We all long for a good love story.
Beauty and the Beast. The Great Gatsby. Jane Eyre and Rochester. It almost seems to be ever so clear in our everyday fairy tale. We love, it seems, the ‘forbidden fruit’. That we’ll fall madly in love. In literature, we call a good ending a comedy and a bad ending a tragedy.
Recently there was an opportunity for me to get to know a student while walking her home at night. It was here on campus. As we walked I learned just how complicated an Ipad 2 can be, what kinds of music this girl liked to listen to [it was Michael Jackson one moment and something like Fallout Boy the next moment.], where and how this girl came to be. Then I asked her how she thought she was adjusting to her very first semester in college. As it turns out, the storyline was similar as most American Indian students; she came she felt, by pure accident and it surprised her to walk and admit that. She had grown up in a foster home with her grandmother until the age of 14 until her grandmother had passed and since then had been couch surfing to different friends and relatives’ home living on her own ever since then. Then she mentioned having to graduate high school a year later than most and commented that “I don’t what other’s think or say.

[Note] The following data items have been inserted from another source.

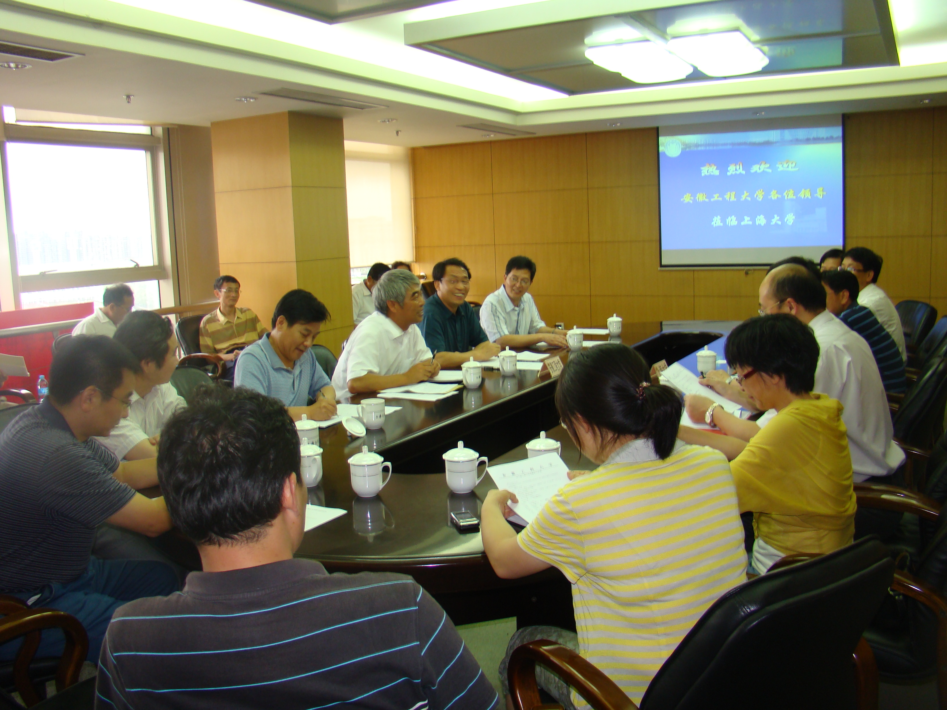 在座谈会上,陈其工首先向上海大学各位领导冒着炎炎夏日接待我们表示感谢,然后介绍了我校的基本情况和此行的调研内容,并着重指出,两校同为地方工科院校,上海大学近年来的快速发展肯定会为安徽工程大学这所刚刚更名的院校提供很多宝贵的经验。于信汇在讲话中首先向大家介绍了上海大学更名后的发展历程,在谈到上海大学近年来的快速发展时,他总结了四条成功经验:一是钱伟长校长这面旗帜在学校发展中起得决定性作用;二是学校在发展中不断设立新目标,自我施加压力,围绕教育教学、人才培养、内部管理体制等不断进行改革;三是将学校的发展努力与上海地方经济建设需要,甚至和国家的需要相结合;四是学校发展要更多关注师资队伍建设,加大干部培养力度。随后,与会人员就学校党建、干部人事、“十二五”规划编制和学校国际化问题等内容进行了深入交流。 (党委组织部)
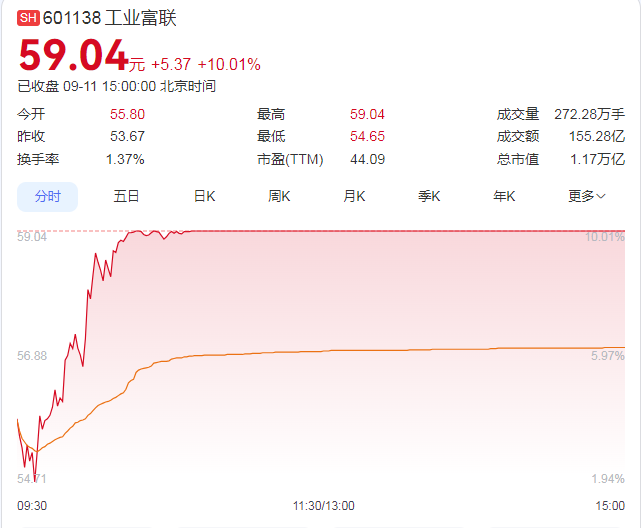 9月11日,工业富联触及涨停,创历史新高,总市值超1.17万亿元。据了解,工业富联强势涨停,与苹果发新机有一定关系。9月10日凌晨,苹果举行2025秋季发布会,其新品iPhone Air被称为“史上最薄”的iPhone。
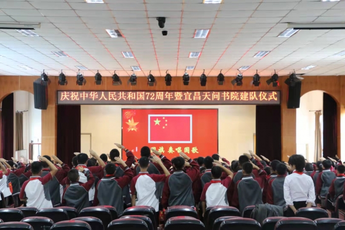 为贯彻落实《习总书记关于中小学少先队员广泛开展培育和践行社会主义核心价值观活动的通知》,更好地发挥了少先队员在组织教育、自主教育和实践活动中的带头作用,增强了他们的光荣感和自豪感。2021年10月13日,天问书院七年级全体师生举行了“请党放心,强国有我”庆祝中华人民共和国72周年暨宜昌天问书院初中建队仪式。
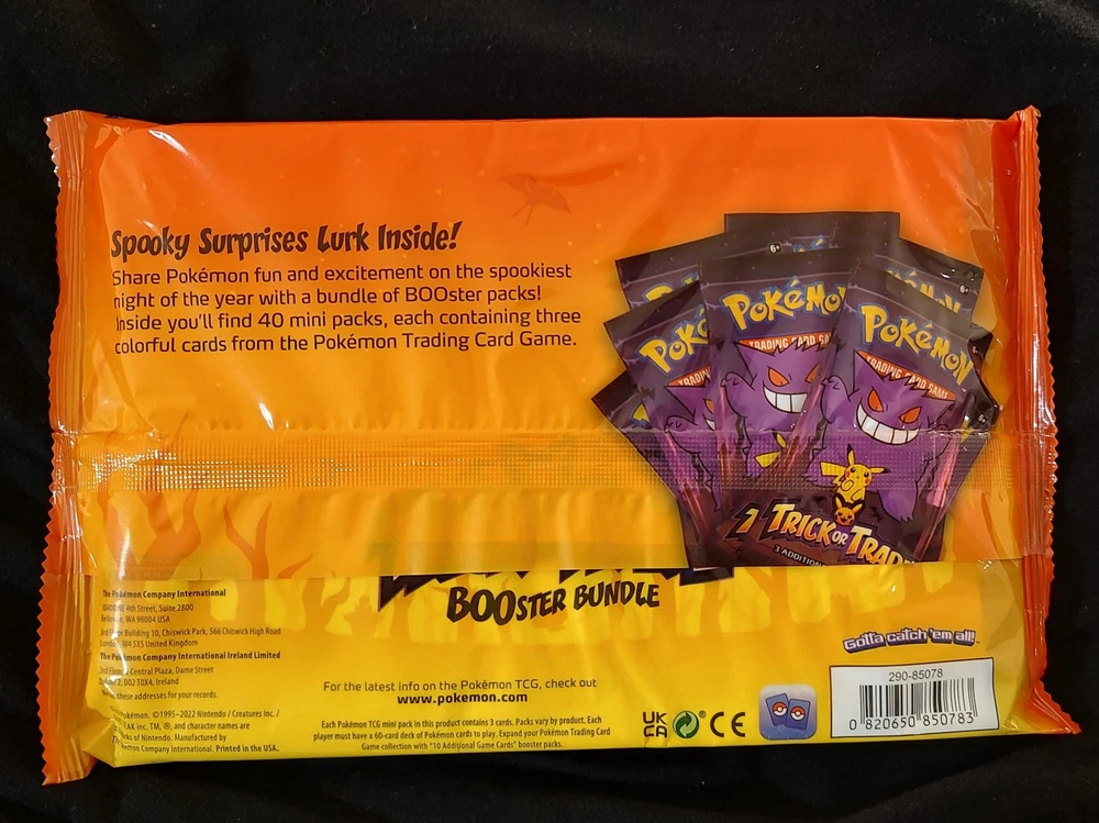 This is one factory SEALED 2022 Pokemon Halloween Trick Or Trade BOOster Bundle - including 40 mini booster packs. Each booster pack contains 3 exclusive Halloween-stamped cards, including fan favorite Pokemon like Gengar, Mewtwo, Pikachu, Mimikyu, Darkrai, etc. These bundles contain more than enough packs for any collector to pull each and every card themselves and complete the entire 2022 set. With any luck, there may even be a few booster packs leftover - a nice addition to any sealed booster pack collection. If you have any questions or if you would like to see more photos, please just message me. This will be packaged with care and shipped USPS Ground Advantage.
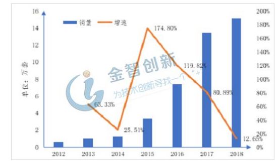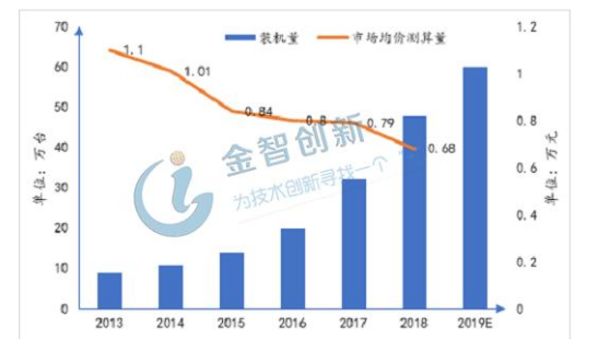 2018年国内工业机器人减速器总装机量47.40万台,近三年年均复合增长率超过50%,下游市场需求增长迅猛。其中增量为37.28万台,存量更换为10.18万台。根据新产业智库预测,2019年装机量约为60万台。从历年的减速器价格走势来看,随着市场规模的扩大,市价在逐年下降,2013年至2018年,6年内均价从1.1万元下降至0.68万元。

It may have taken me an extra year, but I got it done.”
Interestingly enough and somewhat semi- surprising she then told me something that I had become accustomed to hearing and as sad as it is, it gave me hope. “I was raped as a little girl by some of my relatives.” I walked about a good ten steps before I could even say anything and when I did I said “I’m really sorry about that.”
What does this have to do with service?
As the weeks have gone on, this student has become very affectionate in our interactions. She longs to show me her pardon my language but- “bitchin” Captain America t- shirt and ridiculous sweater that has a hood that comes over her face looking just like Capt. She loves to show off her Ipad [and take sneaky pics that’ll catch you completely off guard as it turns out] and she sits there week in and week out at our Nations meeting meddling between her phone and Ipad. She doesn’t say much but it’s been reported to me that she really likes our group and enjoys the people.
I decided to take a risk one week and asked her if she’d be willing to read the scripture from the bible that I was planning to use for the group discussion that day for the weekly meeting. All but too excited she jumped at the opportunity. As I was trying to recommend a website to her, keeping in mind that she would opt for the Ipad, she stopped me and pulled out a paper back bible, proud to show it off. Taken aback I said ok and flipped through to the passage and with her instructions highlighted the parts I wanted her to read.
She likes to talk about boys, but I like to think that this little tidbit that is ours, will help her to realize a overwhelming and transformative love story that she’s already apart of and how it’s affecting her story.